The pyrolysis device includes a pyrolysis furnace, a variable frequency air volume control device, a production pre-processing device, a dry rotary kiln integration, and a post-processing device, all connected sequentially.
The exhaust port of the dry rotary kiln is three-dimensionally connected to the discharge port of the pre-processing shredding device and the production environmental protection device. The cracking waste gas outlet of the pyrolysis furnace is connected to the environmental protection device. To address the issue of high energy consumption in the dry-process recycling of waste lithium batteries, the complete set of equipment also includes an external heat exchanger, installed on the outside of the pyrolysis furnace.

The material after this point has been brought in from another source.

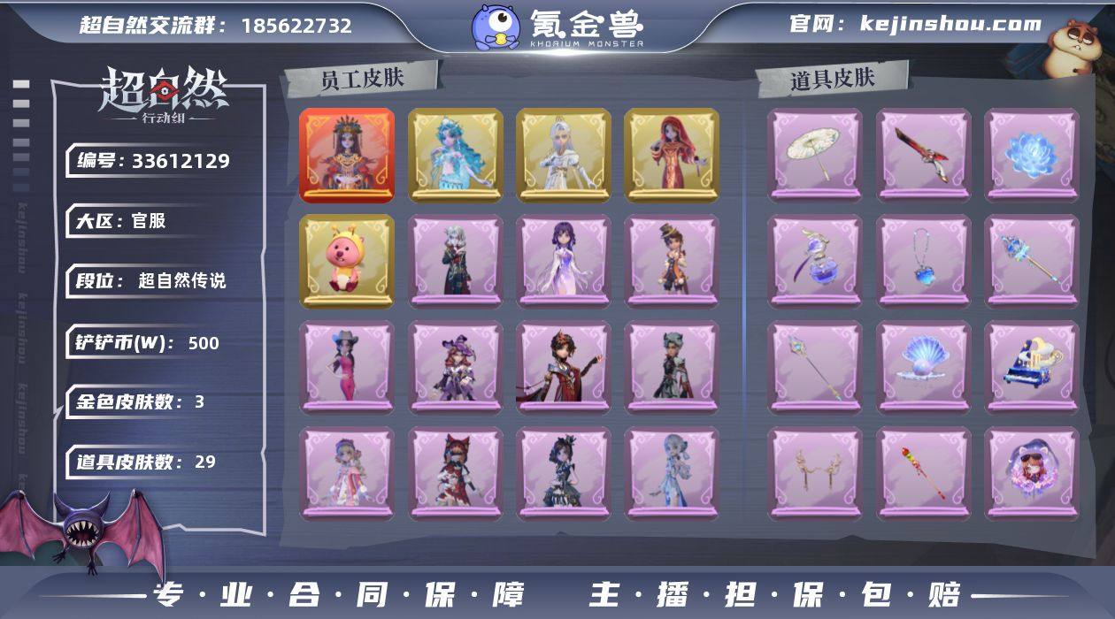 ZRX1014,红皮:1,金皮:3,紫皮:11,道具皮:29,外观:巫铃儿-镜生遗梦,逍遥-剑仙,巫铃儿-镜花辞,薇薇安-海月息潮,艾伦-黎明猎手,爱丽丝-耀眼的你,小黄-异色序曲,爱德华-梵卓之礼,莉莉-莓果陷阱,薇薇安-仙锋小姐,巫铃儿-素影瑶光,爱丽丝-甜梦派对,兰-千夜星谕,巫铃儿-琢玉怀乡,阿念-庆宴绮愿,道具:长枪-波塞冬,葫芦-海心凝珠,腰包-私藏的银河,桃木剑-凤鸣九天,黄牛能量饮料-珍珠芭乐莓莓,夜视仪-敛花容,黄牛能量饮料-无人岸,传送按钮-昆仑镜,腰包-惊魂娃娃,闪光弹-金戈玄铜,折扇-露露扇,电击枪-权杖的许诺,除颤仪-冰晶般的代价,音响-happy猫,腰包-红运福虎,长鞭-缚誓之锁,黄牛能量饮料-青玉抱丹,音响-月光奏鸣曲,黄牛能量饮料-雪顶奇愿,长枪-罪棘,伞-郁金春信,葫芦-伏妖塔,夜视仪-金丝眼镜,短管猎枪-安魂曲,长枪-糖葫芦霸王枪,额外的背包-飞花令,摸金符-海洋之心,急救包-蔷薇物语,铲子-龙鳞,饰品:头饰-芝麻糊汤圆,头饰-萨卡班甲鱼头套,头饰-烛光纪念,头饰-蒜了八,头饰-面具马头套,头饰-鱼头怪头套,头饰-饺饺者头套,头饰-煤球喵头套,头饰-卑微头套,头饰-烈焰红唇头套,头饰-马上有钱,头饰-滑稽头套,头饰-腊肠扭扭,头饰-嘻嘻头套,头饰-樱桃奶油布丁,头饰-哈士奇头套,头饰-呆滞头套,头饰...

The air inlet of the external heat exchanger is connected to the high-temperature flue gas discharge port of the environmental protection device. The connecting pipe between the cracking waste gas outlet of the pyrolysis furnace and the dry-process rotary kiln is equipped with an insulation sleeve; one of the branch pipes is connected to the air inlet of the external heat exchanger, and a flow regulating device is installed at the high-temperature flue gas discharge port.
The waste gas generated by the dry-process rotary kiln enters the external heat exchanger of the pyrolysis device through the high-temperature flue gas discharge port of the environmental protection device, serving as a heat source for the pyrolysis furnace.

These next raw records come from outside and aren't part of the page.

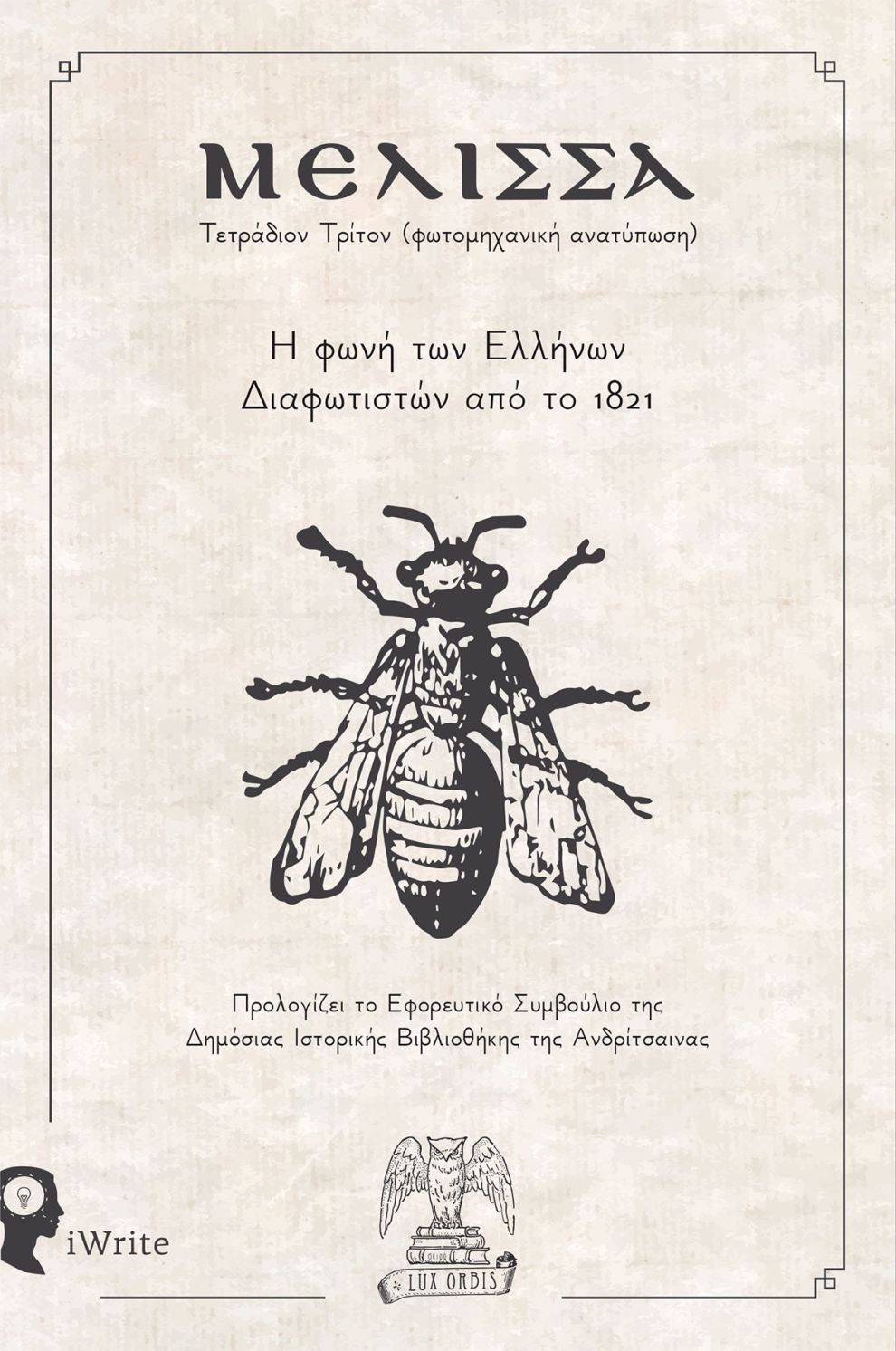 “Η επανακυκλοφορία του τρίτου τεύχους του περιοδικού “Μέλισσα” (εκδ. iWrite) από την Σειρά Lux Orbis, ως αυτόνομο έντυπο, 200 ολόκληρα χρόνια μετά την έκδοσή του στο Παρίσι, αποτελεί ένα σημαντικότατο γεγονός για την εγχώρια βιβλιοπαραγωγή του 2021. Το περιεχόμενο του βιβλίου μάς φέρνει σε άμεση επαφή με τις απόψεις και τις θέσεις των ριζοσπαστών Διαφωτιστών της εποχής, που εμπνέονταν σε μεγάλο βαθμό από το έργο του Αδαμάντιου Κοραή, τη χρονιά που η Επανάσταση ξεσπάει στον Μοριά.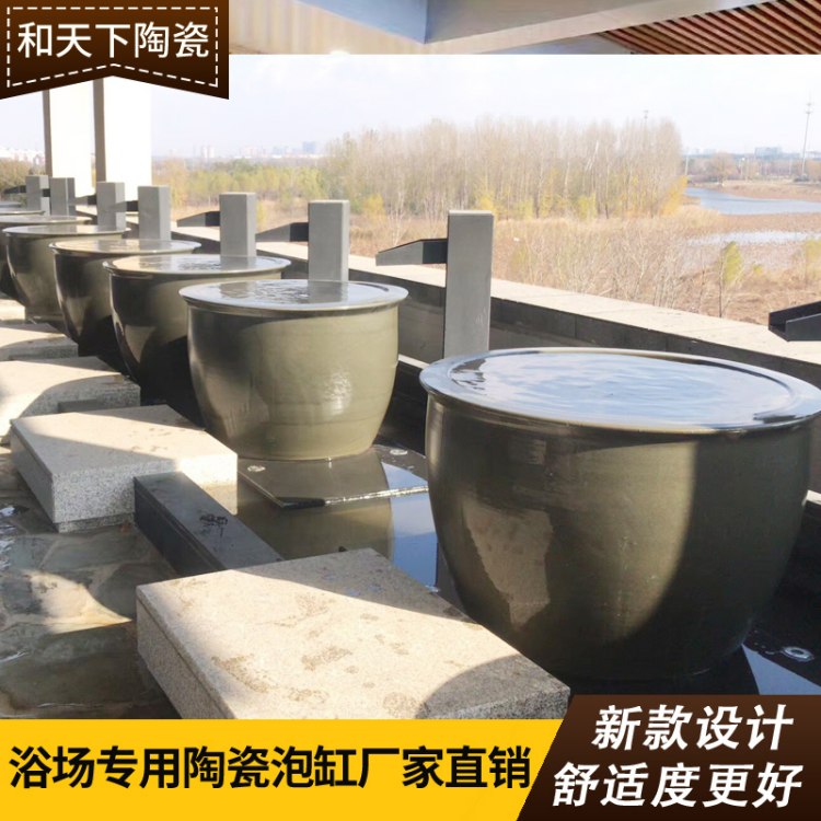 陶瓷洗浴泡澡缸日式酒店温泉泡缸陶瓷浴缸家用泡澡圆形独立式大缸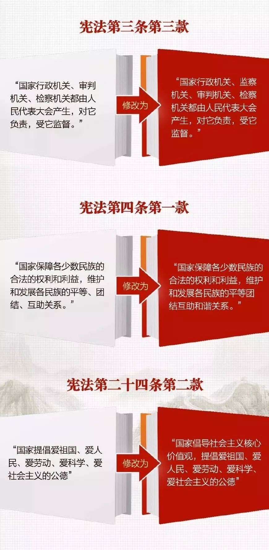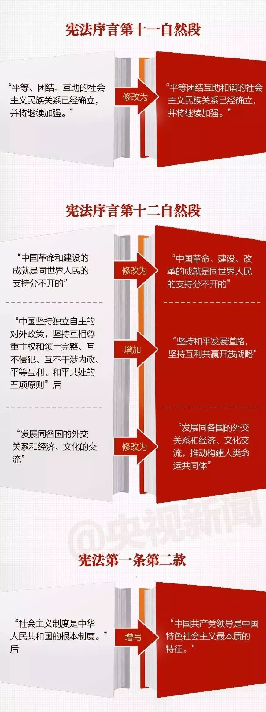 十三届全国人大一次会议2018年3月11日下午在人民大会堂举行第三次全体会议,经投票表决,通过《中华人民共和国宪法修正案》。本次宪法修改包含哪些重要内容?通过一张图,一起了解。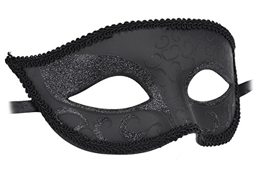 -. Title : Coxeer Black Venetian Mask Sparkle Masquerade Mask Mardi Gras Costume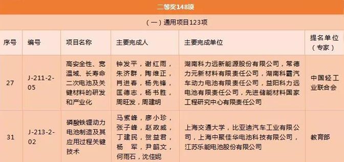 中國粉體網訊 2019年1月8日,2018年度國家最高科學技術獎勵大會在北京人民大會堂圓滿落幕,在此次大會上,劉永坦、錢七虎獲2018年度國家最高科學技術獎。小編注意到其中“國家科學技術進步二等獎”里有兩項是關于電池技術的,分別是《高安全性、寬溫域、長壽命二次電池及關鍵材料的研發和產業化》和《磷酸鐵鋰動力電池制造及其應用過程關鍵技術》。

Flow Regulating Device Purpose:
The flow device at the high-temperature flue gas port controls the volume of high-temperature flue gas entering the branch pipe. This device adjusts the air volume. It keeps the flue gas entering the external heat exchanger at 400°C to 1000°C. Ideally, it should be 500°C to 650°C. This creates a vacuum zone. It ensures the shredder and pyrolysis furnace operate without oxygen. This prevents fires and explosions in lithium battery recycling.

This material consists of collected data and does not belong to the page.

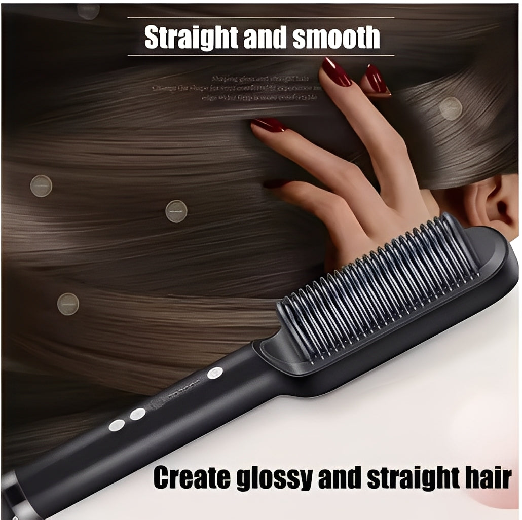 - Fácil de usar: Simplemente cepilla tu cabello para desenredarlo y alisarlo simultáneamente. Es mucho más rápido y sencillo que usar una plancha de pelo convencional.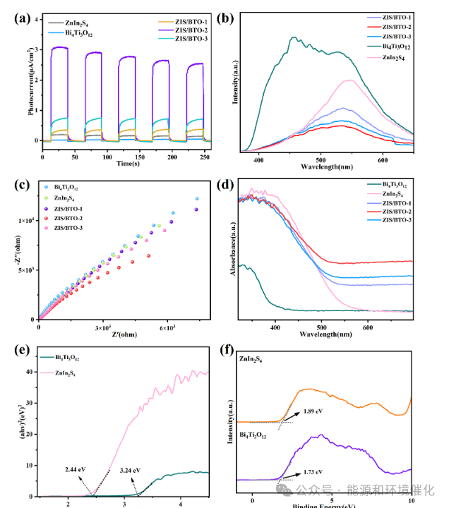 通过 Kubelka-Munk 函数计算(Fig.5e),纯 ZIS 的带隙为 2.44eV,纯 BTO 的带隙为 3.24eV。XPS 价带谱(Fig.5f)通过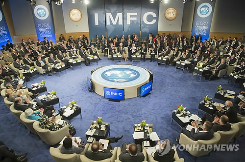 | △ 세계은행이 18일(현지시간) 미국 워싱턴 D.C에서 개최한 개발위원회에서는 반기문 유엔 사무총장, 김용 세계은행 총재, 최경환 경제부총리 겸 기획재정부 장관이 머리를 맞대고 지구촌 문제들을 논의했다. 사진은 이날 열린 IMF 국제통화금융위원회(IMFC) 모습. (EPA=연합뉴스) |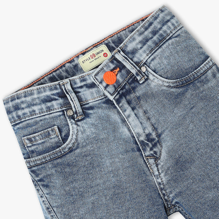Below Knee Length Stretchable Denim Shorts With Front Cut And Sew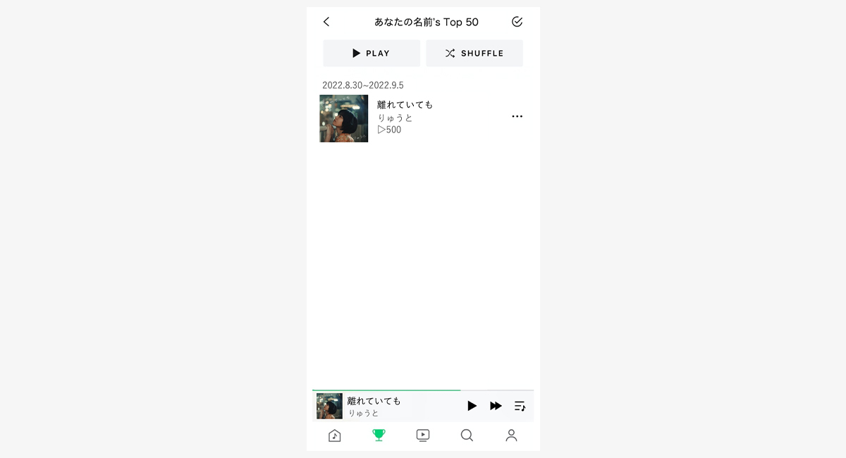 ※「(あなたのお名前)’s Play TOP 50」とは?直近3ヶ月間で自分が再生した楽曲を再生数が多い順に表示したリストです。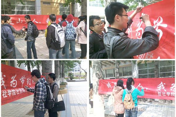 [本站讯]4月18日上午,哲学与社会发展学院社团联合会发起“我是山大人,我为节约代言”师生联名签名活动。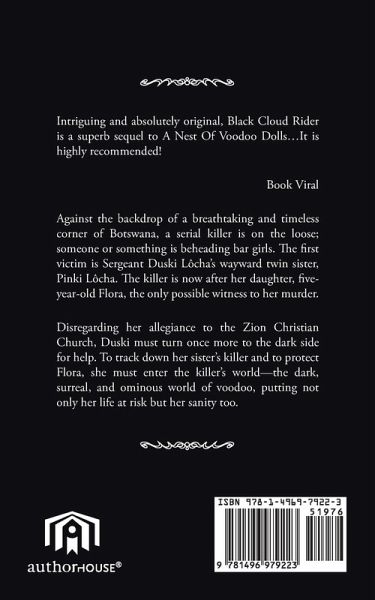 Like an unborn baby, she lay there, eyes shut tight in the amniotic-like fluid as a lone, undulating voice started singing a haunting but soothing lullaby. Against the backdrop of a breathtaking and timeless corner of Botswana, a serial killer is on the loose; someone or something is beheading bar girls. The first victim is Sergeant Duski Lôcha's wayward twin sister, Pinki Lôcha. The killer is now after her daughter, five-year-old Flora, the only possible witness to her murder. Disregarding her allegiance to the Zion Christian Church, Duski must turn once more to the dark side for help. To track down her sister's killer and to protect Flora, she must enter the killer's world-the dark, surreal, and ominous world of voodoo, putting not only her life at risk but her sanity too.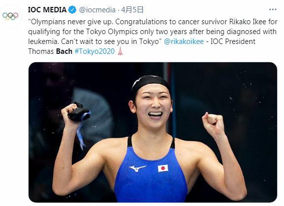 中新网4月6日电 当地时间5日,国际奥委会主席巴赫向获得东京奥运会资格的池江璃花子表示祝贺。他说道:“奥运健儿从不放弃,祝贺池江璃花子在被诊断出白血病仅两年后就获得东京奥运会的参赛资格。迫不及待地想在东京见到你。”
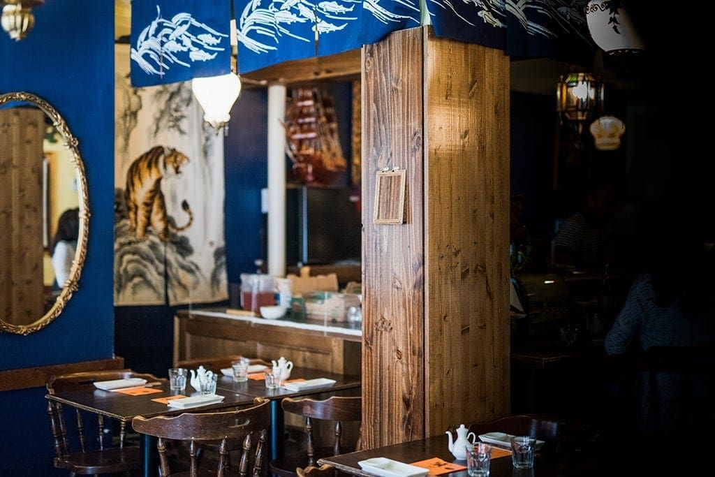 Un peu par hasard, il trouve un local sur la rue Duluth, qui sans les travaux, est une rue de restaurants piétonne très vivante durant l’été et juste à côté du Mile-End, en plein Plateau Mont-Royal. Deux jours plus tard, il signe un bail. Avec son père et son oncle, il refait le restaurant. « Je souhaitais créer une extension de ma personnalité, de Montréal, des différentes cultures, et de mes voyages ! La moitié de la décoration vient de chez moi. J’ai tout mis dans mon resto, les murs de chez moi étaient complètement vides quand j’ai ouvert. » Il y a un mélange de tout qui forme une unité intéressante : du neuf, du vieux, des styles différents, le petit restaurant de 25 places est plutôt charmant.

After shredding, the waste lithium batteries go into a pyrolysis furnace. There, the organic materials in the batteries undergo pyrolysis. Heat breaks down the binder PVDF, lithium hexafluorophosphate, and organic solvents in waste lithium batteries. This generates cracking waste gas. The burning of this cracking waste gas produces carbon dioxide, water, HF, and other gases.
The waste gas treatment device has nano-sized calcium oxide. It is highly active at operating temperatures. It quickly reacts with HF to form calcium fluoride. This prevents HF from entering the atmosphere. Similarly, any remaining hydrogen halide gases combine with calcium to form calcium halide. The cement plant’s pollution control device treats the CO2 and water. It does this to meet emission standards.
Recycling and processing waste lithium batteries is a crucial step in managing the environmental impact of battery disposal and recovering valuable materials. With the growing demand for lithium-ion batteries, recycling is vital. They are used in electric vehicles and portable electronics. We must recycle them to avoid hazardous waste and resource depletion. The recycling process involves three steps. First, collect spent batteries. Next, safely dismantle them. Finally, extract components like lithium, cobalt, and nickel. These can be reused in new batteries. Recycling tech is improving. It’s more efficient and cheaper. So, it’s now easier to recover materials. Improving recycling helps sustainability and a circular economy. It reuses resources and cuts the need for raw materials.